▶ [Problem description]:
The lines to extract run from the start of the records through the line with "Harvest House, Bridge Street", both ends included; drop the pictures.

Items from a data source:
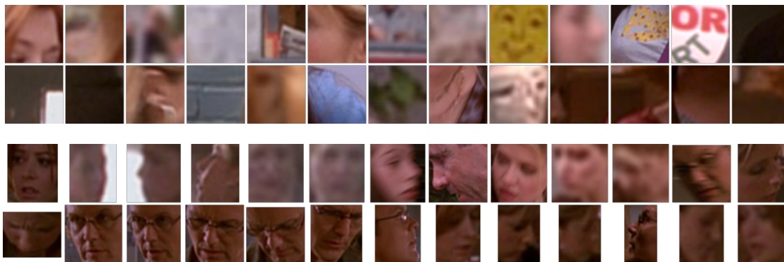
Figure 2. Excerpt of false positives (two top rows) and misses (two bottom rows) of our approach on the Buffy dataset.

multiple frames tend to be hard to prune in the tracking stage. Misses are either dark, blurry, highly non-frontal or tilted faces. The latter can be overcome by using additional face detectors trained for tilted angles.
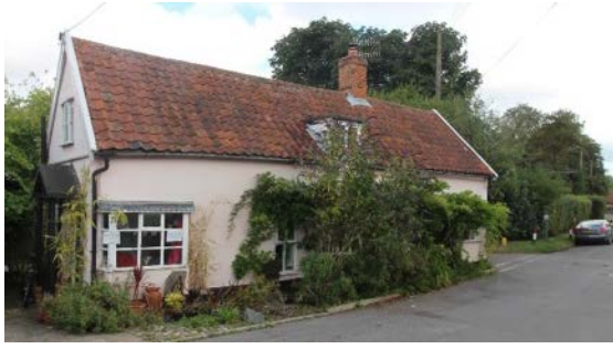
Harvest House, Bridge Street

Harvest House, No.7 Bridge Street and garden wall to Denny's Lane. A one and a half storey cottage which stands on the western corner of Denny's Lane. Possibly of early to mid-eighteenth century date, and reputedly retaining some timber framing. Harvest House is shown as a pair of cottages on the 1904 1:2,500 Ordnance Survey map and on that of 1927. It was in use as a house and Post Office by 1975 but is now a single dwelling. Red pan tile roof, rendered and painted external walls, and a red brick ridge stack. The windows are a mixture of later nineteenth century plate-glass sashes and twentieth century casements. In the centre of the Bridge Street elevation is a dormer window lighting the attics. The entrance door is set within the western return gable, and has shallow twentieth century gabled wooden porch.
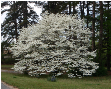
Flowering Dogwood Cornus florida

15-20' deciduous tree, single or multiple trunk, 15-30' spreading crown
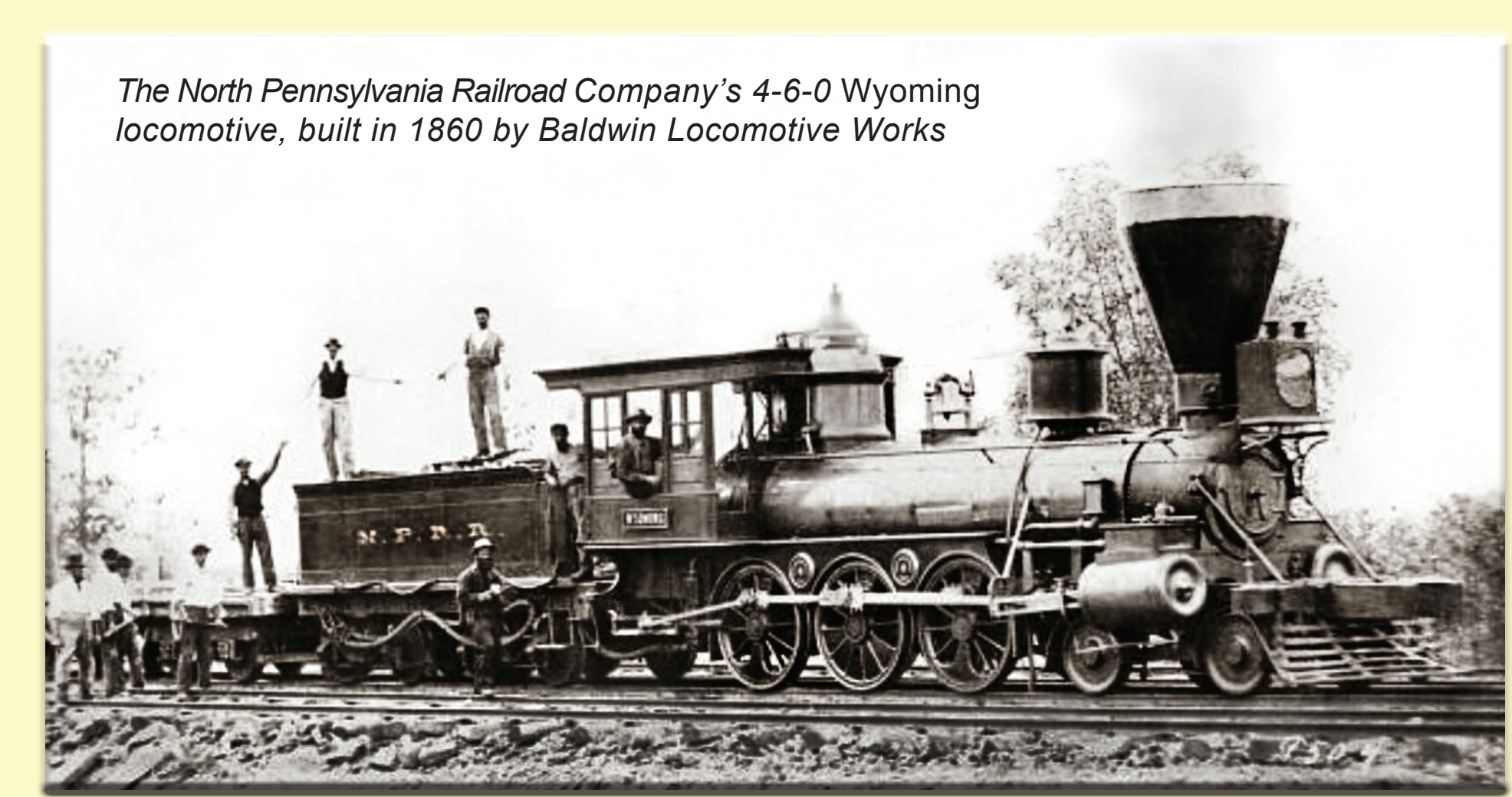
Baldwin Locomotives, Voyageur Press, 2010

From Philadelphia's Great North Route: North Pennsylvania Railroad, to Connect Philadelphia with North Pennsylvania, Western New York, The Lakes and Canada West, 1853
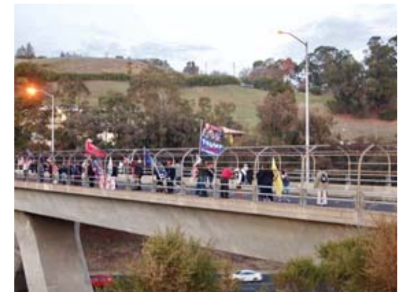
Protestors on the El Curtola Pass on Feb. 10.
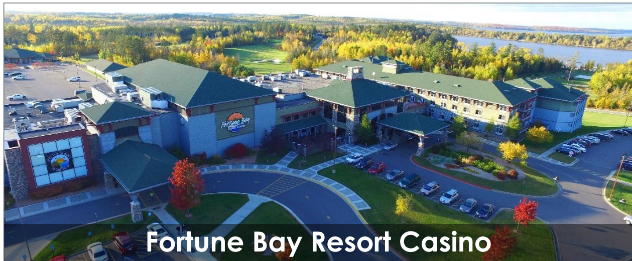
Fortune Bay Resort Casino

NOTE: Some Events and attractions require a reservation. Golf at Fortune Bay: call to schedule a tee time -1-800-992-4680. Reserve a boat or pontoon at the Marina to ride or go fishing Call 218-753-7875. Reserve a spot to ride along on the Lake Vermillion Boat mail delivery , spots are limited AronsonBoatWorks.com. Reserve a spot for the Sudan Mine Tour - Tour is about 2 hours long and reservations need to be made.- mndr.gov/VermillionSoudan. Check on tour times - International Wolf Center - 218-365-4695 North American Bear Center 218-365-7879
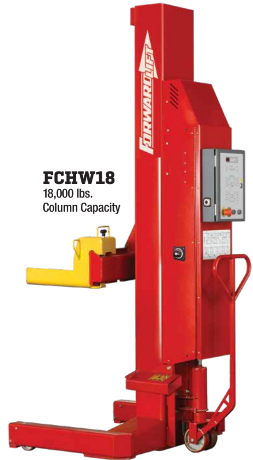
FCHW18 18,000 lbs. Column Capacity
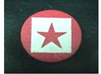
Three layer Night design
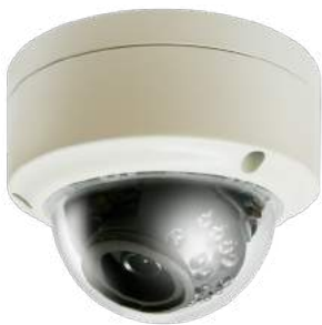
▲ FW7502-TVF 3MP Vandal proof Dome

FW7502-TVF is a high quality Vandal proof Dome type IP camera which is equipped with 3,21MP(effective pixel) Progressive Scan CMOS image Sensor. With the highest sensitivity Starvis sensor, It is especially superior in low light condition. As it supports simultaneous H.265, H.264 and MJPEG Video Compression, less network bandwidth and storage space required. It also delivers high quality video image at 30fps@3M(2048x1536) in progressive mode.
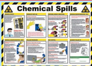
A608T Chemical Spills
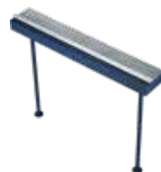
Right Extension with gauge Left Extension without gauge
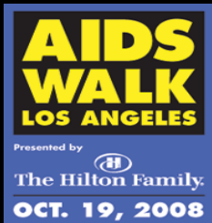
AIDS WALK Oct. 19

▶ [Solution to the exercise]:
Figure 2. Excerpt of false positives (two top rows) and misses (two bottom rows) of our approach on the Buffy dataset.

multiple frames tend to be hard to prune in the tracking stage. Misses are either dark, blurry, highly non-frontal or tilted faces. The latter can be overcome by using additional face detectors trained for tilted angles.
Harvest House, Bridge Street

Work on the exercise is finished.